Assigned task: What is needed is a word-for-word copy of the lines below from the one with "Some Significant Tornadoes" through the one with "埃迪卡拉纪-寒武纪转折期是生", both included, with every picture left out.

•••••

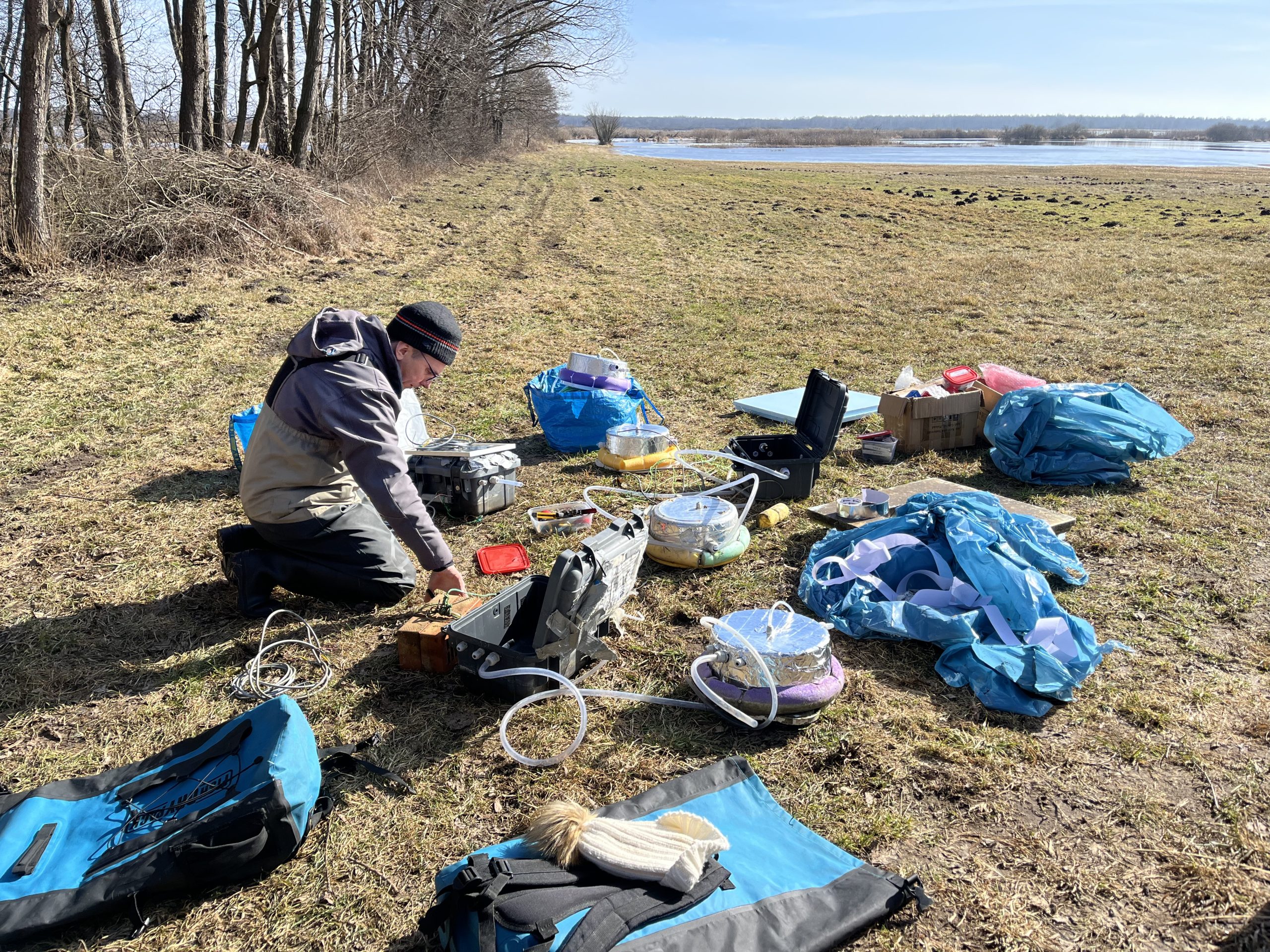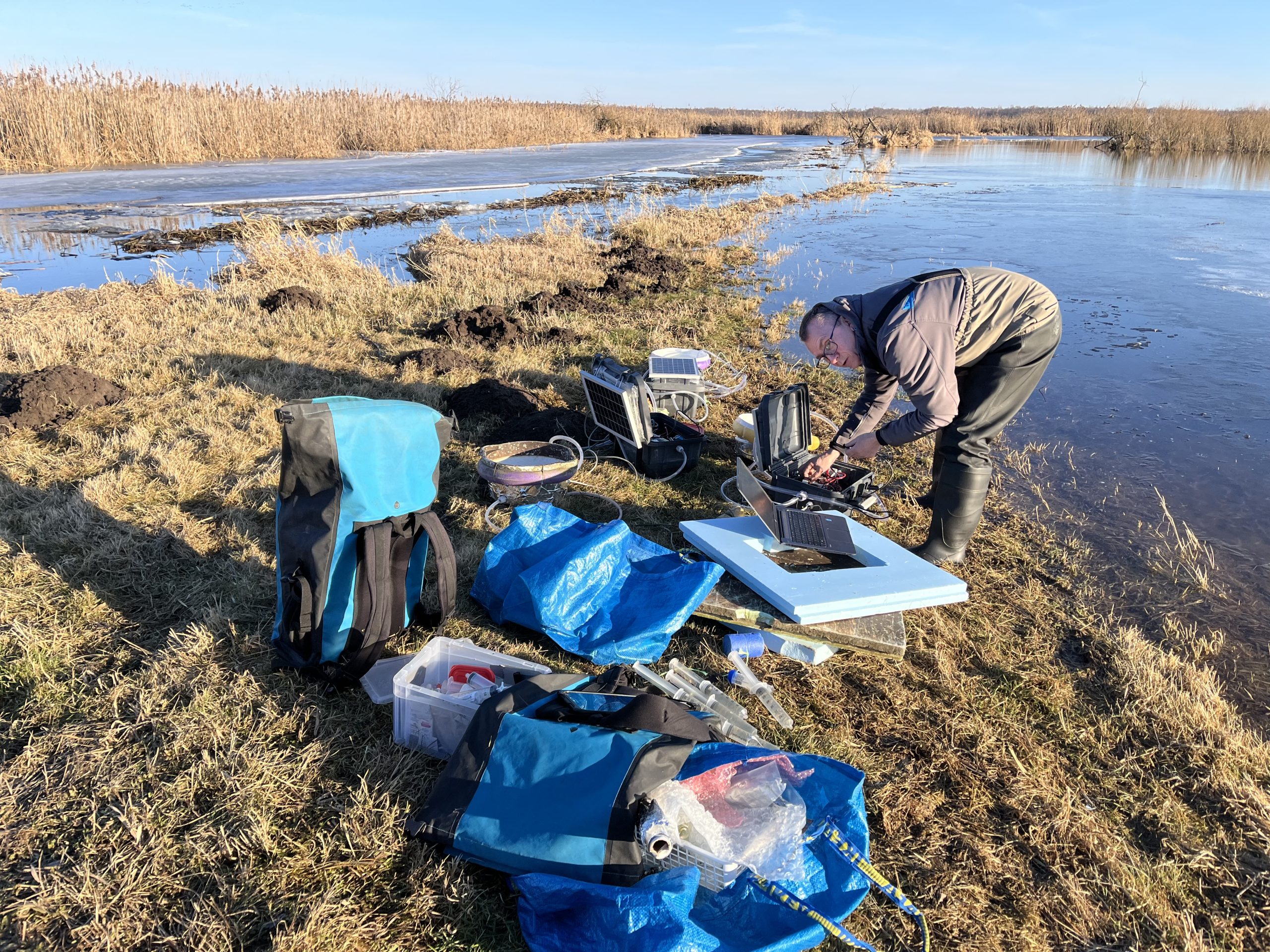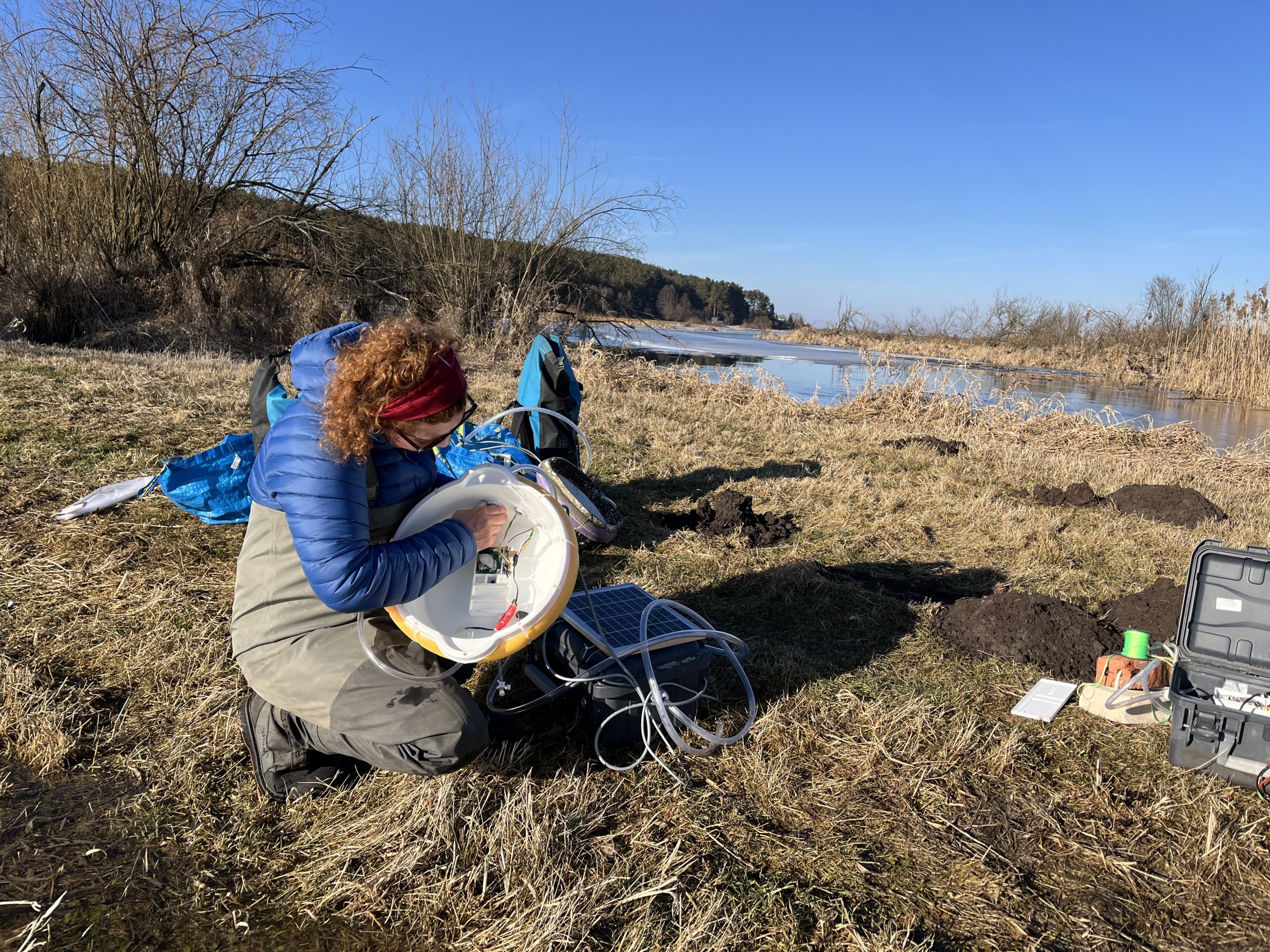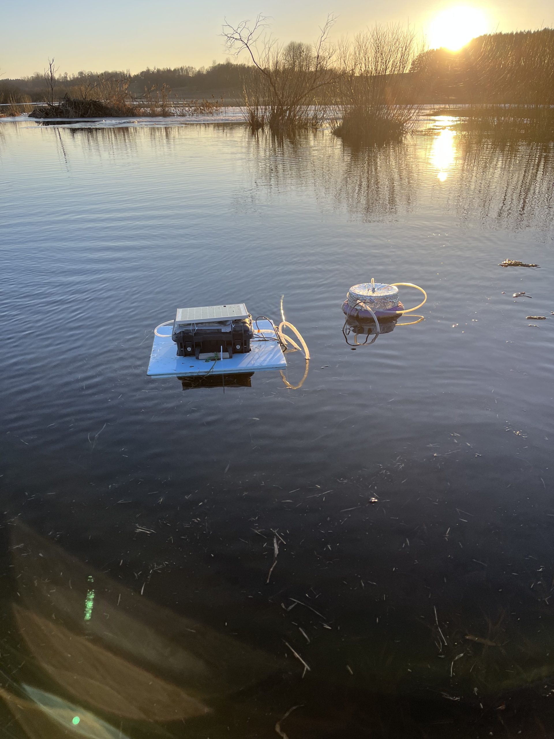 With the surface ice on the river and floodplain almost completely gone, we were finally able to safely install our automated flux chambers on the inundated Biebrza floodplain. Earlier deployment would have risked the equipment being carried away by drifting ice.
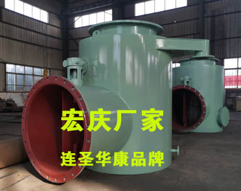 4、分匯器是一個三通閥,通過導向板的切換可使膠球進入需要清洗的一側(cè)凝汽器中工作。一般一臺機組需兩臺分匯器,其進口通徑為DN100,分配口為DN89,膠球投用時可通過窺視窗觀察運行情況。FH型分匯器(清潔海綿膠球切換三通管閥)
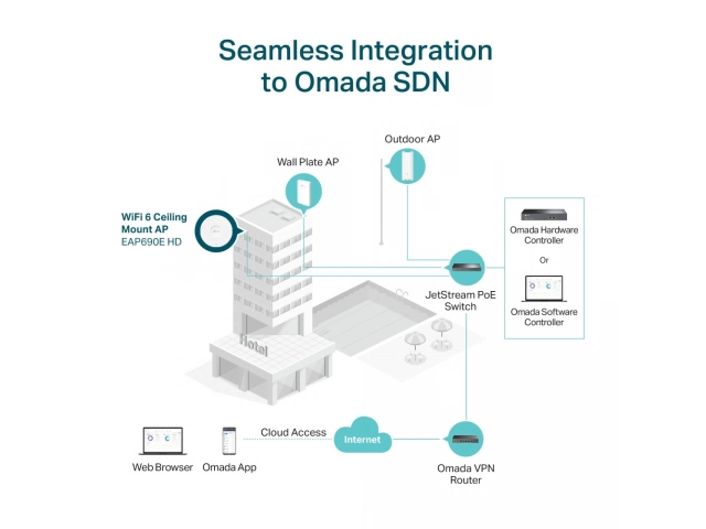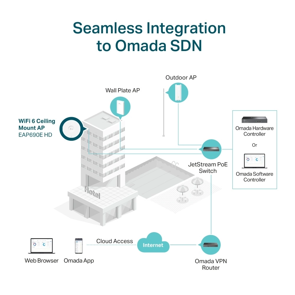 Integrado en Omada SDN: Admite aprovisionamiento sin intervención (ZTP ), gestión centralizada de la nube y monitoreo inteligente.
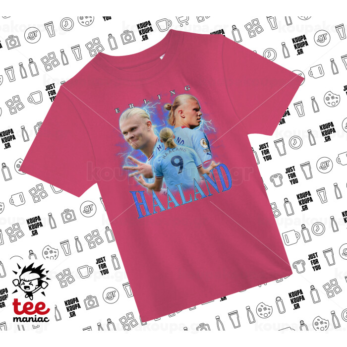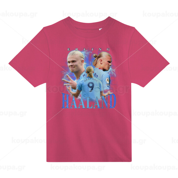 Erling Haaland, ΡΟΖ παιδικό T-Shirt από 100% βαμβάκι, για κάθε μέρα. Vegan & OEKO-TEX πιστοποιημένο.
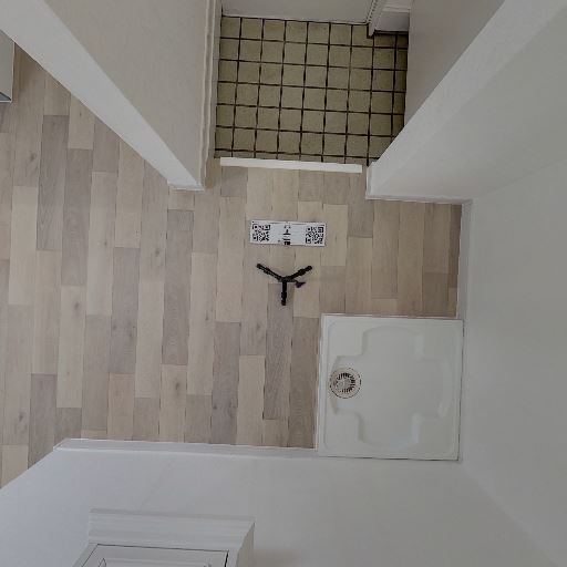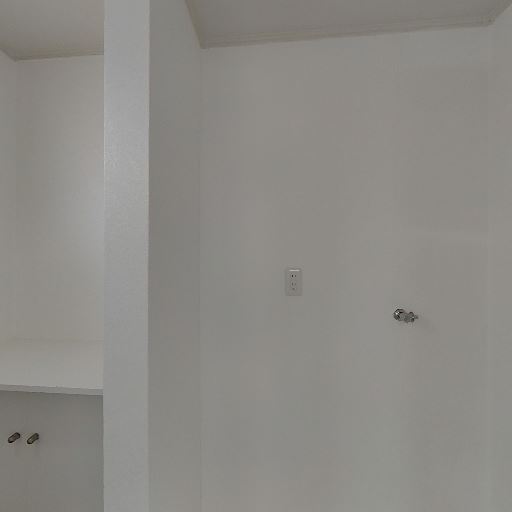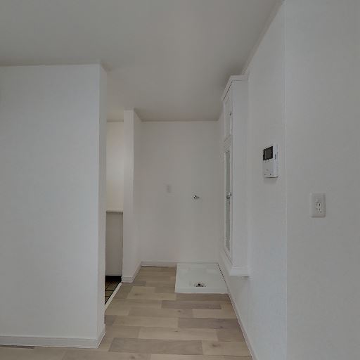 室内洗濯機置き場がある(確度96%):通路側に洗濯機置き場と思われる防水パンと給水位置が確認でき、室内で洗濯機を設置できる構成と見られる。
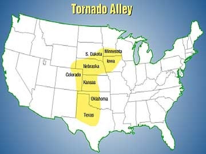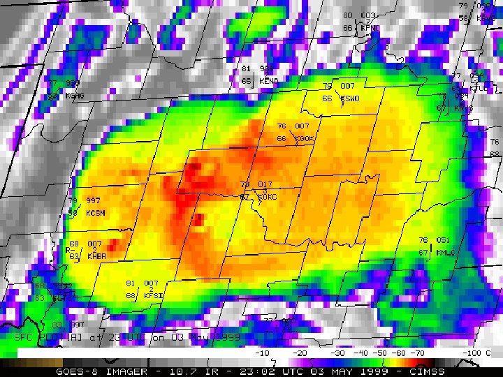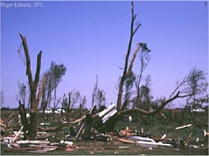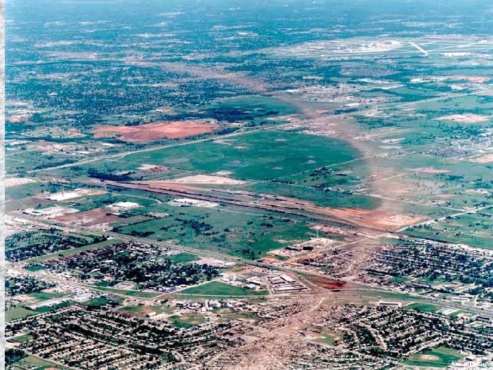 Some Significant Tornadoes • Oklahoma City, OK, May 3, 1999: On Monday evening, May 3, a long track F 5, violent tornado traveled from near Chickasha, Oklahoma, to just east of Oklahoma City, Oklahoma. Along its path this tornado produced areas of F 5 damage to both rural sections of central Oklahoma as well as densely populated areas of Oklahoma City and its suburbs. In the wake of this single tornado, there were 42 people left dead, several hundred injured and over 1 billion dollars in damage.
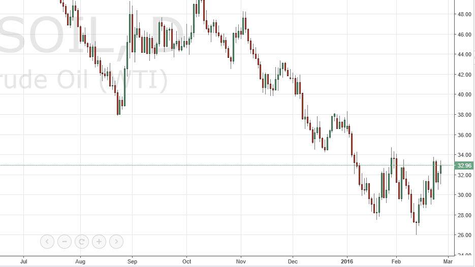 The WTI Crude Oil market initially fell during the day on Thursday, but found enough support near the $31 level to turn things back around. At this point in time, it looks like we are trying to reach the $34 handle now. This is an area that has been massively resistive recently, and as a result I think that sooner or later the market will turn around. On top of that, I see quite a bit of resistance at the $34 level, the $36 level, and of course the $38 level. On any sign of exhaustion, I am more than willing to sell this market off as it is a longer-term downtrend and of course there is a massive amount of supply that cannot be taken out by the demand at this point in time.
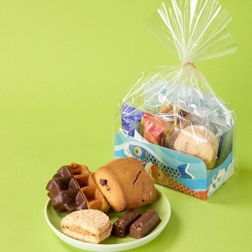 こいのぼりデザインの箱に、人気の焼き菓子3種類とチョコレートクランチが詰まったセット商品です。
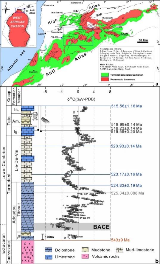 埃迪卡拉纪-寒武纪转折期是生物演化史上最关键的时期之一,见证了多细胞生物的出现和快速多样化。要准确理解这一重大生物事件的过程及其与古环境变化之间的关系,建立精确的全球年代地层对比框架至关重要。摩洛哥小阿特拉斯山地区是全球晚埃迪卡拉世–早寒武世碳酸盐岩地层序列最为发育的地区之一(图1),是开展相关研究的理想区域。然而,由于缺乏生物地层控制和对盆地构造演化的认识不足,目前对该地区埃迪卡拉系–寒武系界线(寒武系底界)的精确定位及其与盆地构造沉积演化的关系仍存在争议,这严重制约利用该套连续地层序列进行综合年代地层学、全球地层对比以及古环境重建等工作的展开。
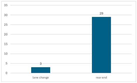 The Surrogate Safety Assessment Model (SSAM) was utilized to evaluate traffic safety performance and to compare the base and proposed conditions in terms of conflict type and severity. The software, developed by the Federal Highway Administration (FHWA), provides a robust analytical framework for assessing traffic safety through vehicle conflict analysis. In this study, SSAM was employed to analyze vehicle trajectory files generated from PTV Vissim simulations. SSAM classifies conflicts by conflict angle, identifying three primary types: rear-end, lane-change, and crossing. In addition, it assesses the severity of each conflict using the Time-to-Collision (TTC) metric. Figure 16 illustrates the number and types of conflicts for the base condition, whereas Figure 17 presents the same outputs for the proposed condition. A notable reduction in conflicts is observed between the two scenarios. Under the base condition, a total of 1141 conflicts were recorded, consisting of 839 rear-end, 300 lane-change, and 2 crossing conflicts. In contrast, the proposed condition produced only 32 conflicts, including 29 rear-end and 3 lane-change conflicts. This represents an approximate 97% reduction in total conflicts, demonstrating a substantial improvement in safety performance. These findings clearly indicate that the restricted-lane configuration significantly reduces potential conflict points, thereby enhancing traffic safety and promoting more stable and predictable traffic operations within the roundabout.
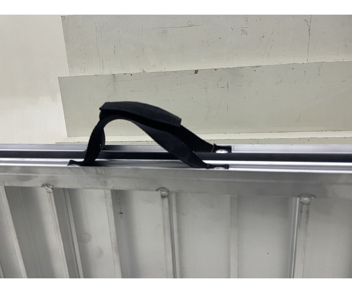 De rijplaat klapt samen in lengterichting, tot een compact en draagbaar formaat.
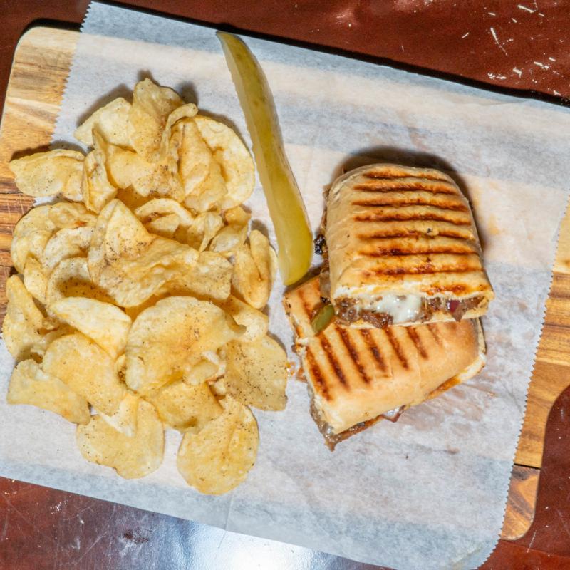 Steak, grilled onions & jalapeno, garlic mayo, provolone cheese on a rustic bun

•••••

Solution to this problem:
 Some Significant Tornadoes • Oklahoma City, OK, May 3, 1999: On Monday evening, May 3, a long track F 5, violent tornado traveled from near Chickasha, Oklahoma, to just east of Oklahoma City, Oklahoma. Along its path this tornado produced areas of F 5 damage to both rural sections of central Oklahoma as well as densely populated areas of Oklahoma City and its suburbs. In the wake of this single tornado, there were 42 people left dead, several hundred injured and over 1 billion dollars in damage.
 The WTI Crude Oil market initially fell during the day on Thursday, but found enough support near the $31 level to turn things back around. At this point in time, it looks like we are trying to reach the $34 handle now. This is an area that has been massively resistive recently, and as a result I think that sooner or later the market will turn around. On top of that, I see quite a bit of resistance at the $34 level, the $36 level, and of course the $38 level. On any sign of exhaustion, I am more than willing to sell this market off as it is a longer-term downtrend and of course there is a massive amount of supply that cannot be taken out by the demand at this point in time.
 こいのぼりデザインの箱に、人気の焼き菓子3種類とチョコレートクランチが詰まったセット商品です。
 埃迪卡拉纪-寒武纪转折期是生物演化史上最关键的时期之一,见证了多细胞生物的出现和快速多样化。要准确理解这一重大生物事件的过程及其与古环境变化之间的关系,建立精确的全球年代地层对比框架至关重要。摩洛哥小阿特拉斯山地区是全球晚埃迪卡拉世–早寒武世碳酸盐岩地层序列最为发育的地区之一(图1),是开展相关研究的理想区域。然而,由于缺乏生物地层控制和对盆地构造演化的认识不足,目前对该地区埃迪卡拉系–寒武系界线(寒武系底界)的精确定位及其与盆地构造沉积演化的关系仍存在争议,这严重制约利用该套连续地层序列进行综合年代地层学、全球地层对比以及古环境重建等工作的展开。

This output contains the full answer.